難聴者の生活

難聴者の日々の生活から、人工内耳など難聴者のコミュニケーション、聴覚障害者の制度改革について語る。

トヨタ奥田氏がマスコミを脅迫!?

2008年11月13日 08時02分27秒 | 生活
081113-073841.jpg11月13日今朝の朝日新聞(社会面38ページ)を見て、驚愕した。
http://www.asahi.com/national/update/1112/TKY200811120346.html

トヨタ自動車の奥田ひろし氏が「厚生労働行政の在り方に関する懇談会」で、テレビ番組の報道の内容について、批判するだけでなく、スポンサーの辞退を公言したというのだ。

奥田氏は、第9代経団連会長であり、政府の数々の審議会、懇談会、委員会の座長などを歴任しており、日本財界の総トップだ。その氏が新聞社やテレビの広告の多さを盾に取った発言は言論封殺以外の何者でもない。

派遣労働者は使い捨てと言った氏が厚生労働行政を論じる危険さを感じるが、障害者施策に配慮など考えられない。
政府が障害者権利条約の合理的配慮にの法改正に躊躇しているのは、経済界の同意が得られないからということをどこかで聞いたが、この人の発言を聞けばさもありなん。

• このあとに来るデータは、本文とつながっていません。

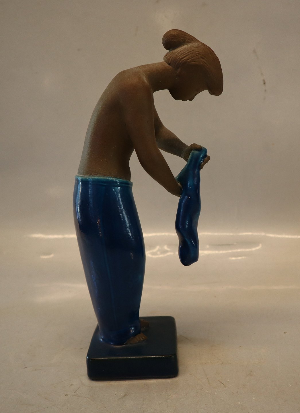 Description: Johannes Hedegaard statue Royal Copenhagen Stoneware. 21424 RC "Martha" Woman with clothes 26 cm, JH, December 1956 In nice and mint condition Turquoise glaze and unglazed terracota / Chamotte
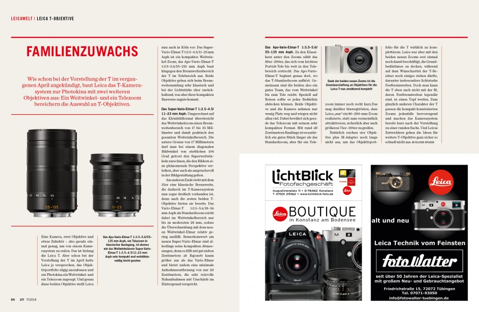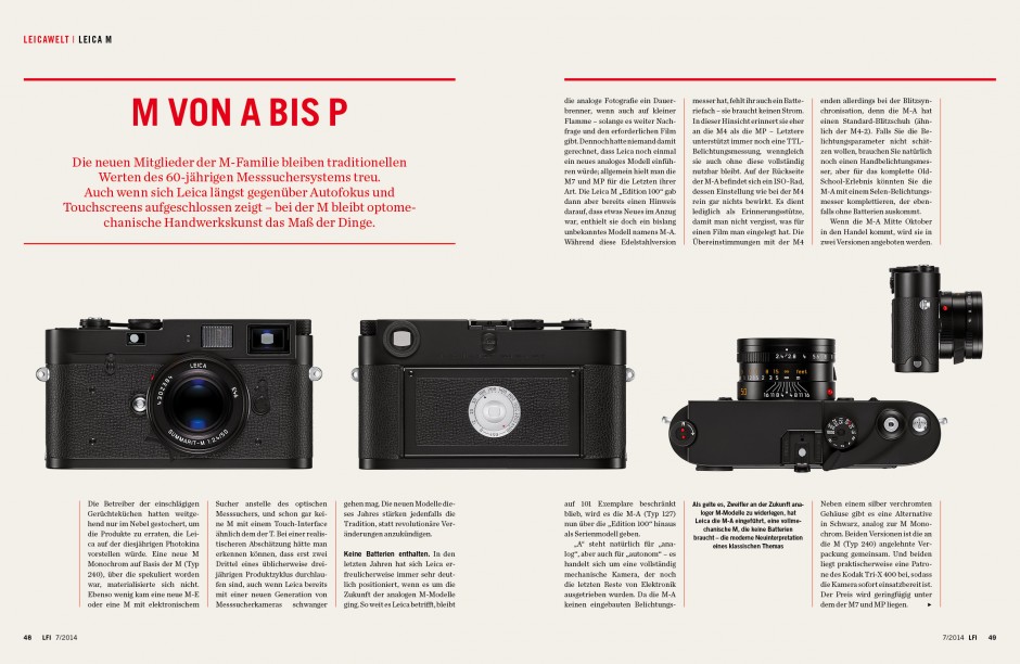 The new LFI magazine (Web | Google Play | iTunes) is out and it covers the latest products Leica announced at Photokina (click for larger view):
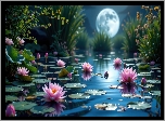 Staw, Lilie wodne, Rośliny, Księżyc, AI
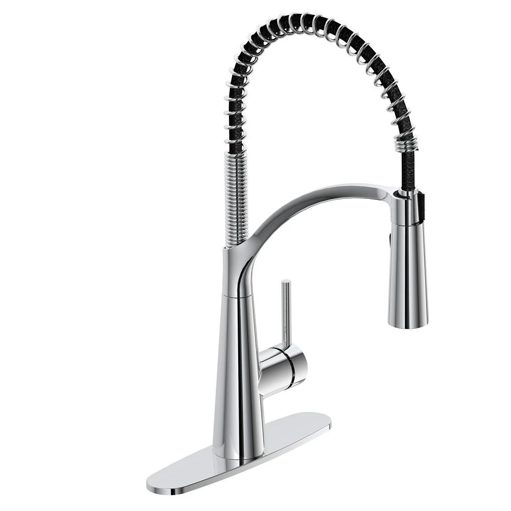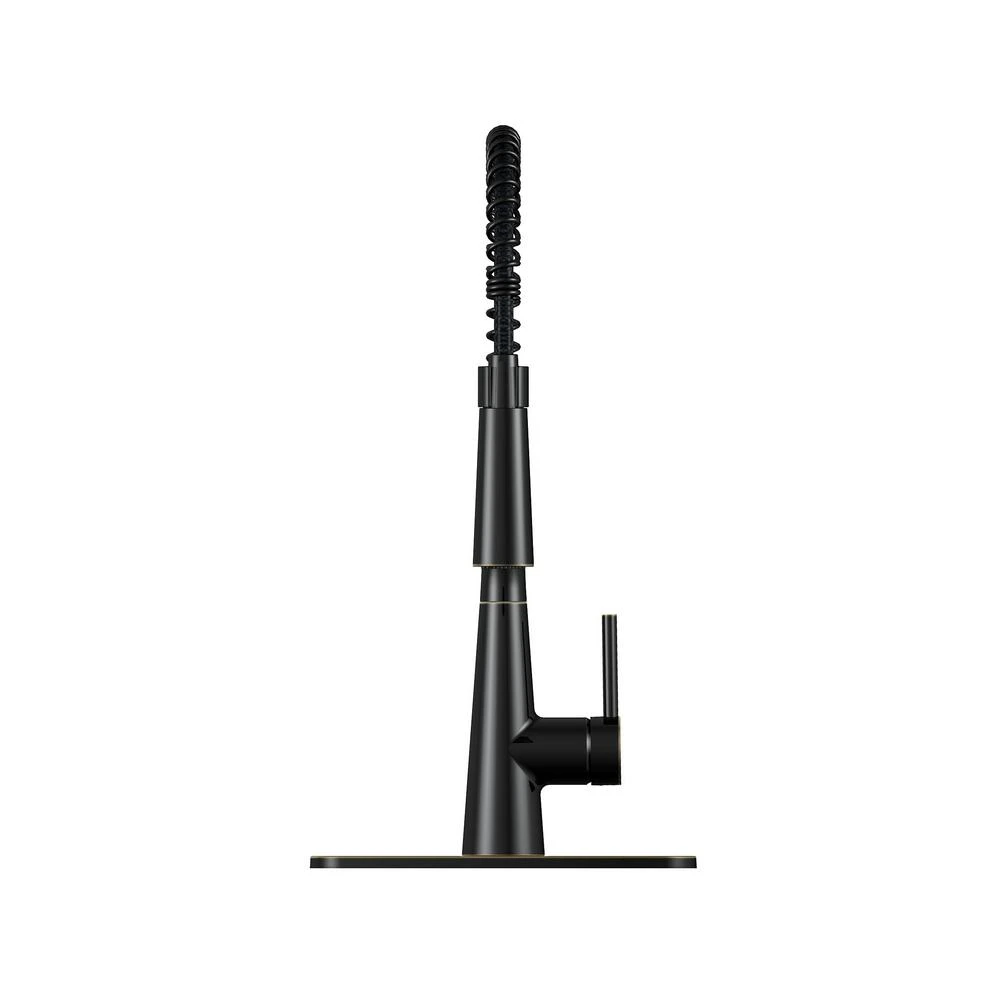 Enhance your kitchen with the professional style of this single-handle, pull-down kitchen faucet. Designed with a modern, oil-rubbed bronze finish, it features a spring-neck design for flexibility. The dual-function spray and stream offers additional versatility. Boasting a water-saving 1.8 GPM flow rate, this durable kitchen faucet includes quick connections and supply lines for easy installation on one- or three-hole sinks. It also comes with a drip-free cartridge and easy-clean removable coil.

社会面ながら、トヨタの社名を出してこの発言をした朝日新聞はその報道精神はたたえられて良い。
氏は、この懇談会の座長だけでなく一切の公職を辞任すべきだろう。


ラビット 記







人工内耳の聞こえ もうすぐ1周年(2)

2008年11月13日 07時04分53秒 | 人工内耳
081110-170144.jpg人工内耳と補聴器の併用は、聞こえについてよく理解した医師と言語聴覚士、補聴器装用技能者がいないとなかなか大変だ。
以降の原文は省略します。